In 2000, there were 670 households, out of which 22.2% had children under the age of 18 living with them, 49.0% were married couples living together; 8.2% had a female householder with no husband present; and 36.3% were non-families. 31.0% of all households were made up of individuals, and 15.2% had someone living alone who was 65 years of age or older. The average household size was 2.23 and the average family size was 2.70.

In 2000, in the town, the population was spread out, with 20.9% under the age of 18, 5.0% from 18 to 24, 22.3% from 25 to 44, 29.0% from 45 to 64, and 22.8% who were 65 years of age or older. The median age was 46 years. For every 100 females, there were 97.7 males. For every 100 females age 18 and over, there were 102.7 males.

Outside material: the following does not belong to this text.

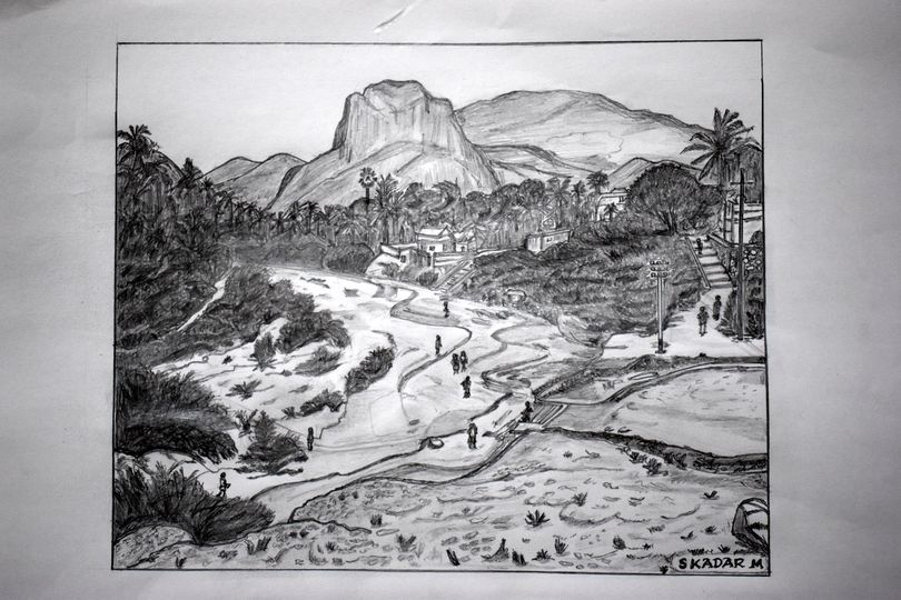 50 வருடங்களுக்கு முந்தைய ஒரு புகைபடத்தை பார்த்து வரைந்தது (வரைபடத்தில் சின்ன சின்னதாய் நிறைய தவறுகள். மன்னிக்கவும்).தூரத்தில் மேற்கு மலை தொடரில், நம்பி மலையில் தோன்றி, எங்கள் ஊர் ஏர்வாடியை தழுவி செல்லும் ஆறு - நம்பி ஆறு.

In 2000, the median income for a household in the town was $24,432, and the median income for a family was $27,734. Males had a median income of $24,342 versus $20,278 for females. The per capita income for the town was $14,098. 22.3% of the population and 18.9% of families were below the poverty line. Out of the total population, 35.1% of those under the age of 18 and 9.6% of those 65 and older were living below the poverty line.